Sending a signal

Could simple blood tests for telltale substances in the body give doctors new ways to detect and treat severe diseases like Alzheimer’s?

by Chris Quirk

Illustrations by Maria Corte

Alzheimer’s disease can present a frightening prospect, and  especially for those with a family history of the illness, in large part because so little is known about it. There is no definitive diagnosis of the disease short of an autopsy, and the disease can creep up on anyone, destroying cognitive capacities and memory, and slowly robbing a person’s ability to function and to care for themselves. There is currently no cure, but as one alumna has recently discovered, there may be new developments in how the disease is flagged and managed.

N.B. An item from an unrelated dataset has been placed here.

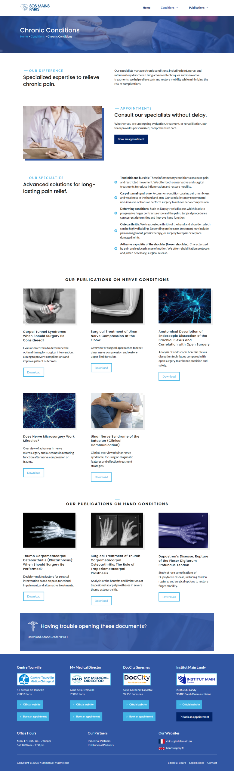 Le site ne disait presque rien. Pas de pages pathologies développées, pas de présentation de l’équipe, pas de contexte autour des publications. Or le Pr Masmejean a une matière éditoriale extraordinaire – des années de pratique, des publications scientifiques, des livres de référence. Il fallait construire du contenu à partir de rien, tout en restant dans le cadre déontologique.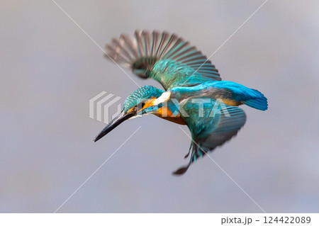埼玉県川越市池辺 川越水上公園 修景池(ボート池)で獲物の小魚を狙ってダイブするカワセミ

Dr. Kellyann Niotis ’12 and her colleagues at the Institute for Neurodegenerative Diseases (IND) are studying several blood tests that detect key biomarkers for Alzheimer’s disease. (See “What are biomarkers?” box below.) These tests have the potential to identify people who may be at risk before symptoms start. The results, part of the IND’s Biorepository Study for Neurodegenerative Diseases, were released in April at the annual meeting of the American Academy of Neurology. This research could change the way Alzheimer’s disease is diagnosed and tracked, and open new avenues for successful treatment therapies.

According to the Alzheimer’s Association, more than 7 million people in the United States have Alzheimer’s disease, including one in nine over age 65, and the number is increasing as the nation’s population ages. For women, the lifetime risk for getting the disease is twice that of men. The Mayo Clinic says while memory loss is the primary symptom of the disease, it can also affect personality and judgment.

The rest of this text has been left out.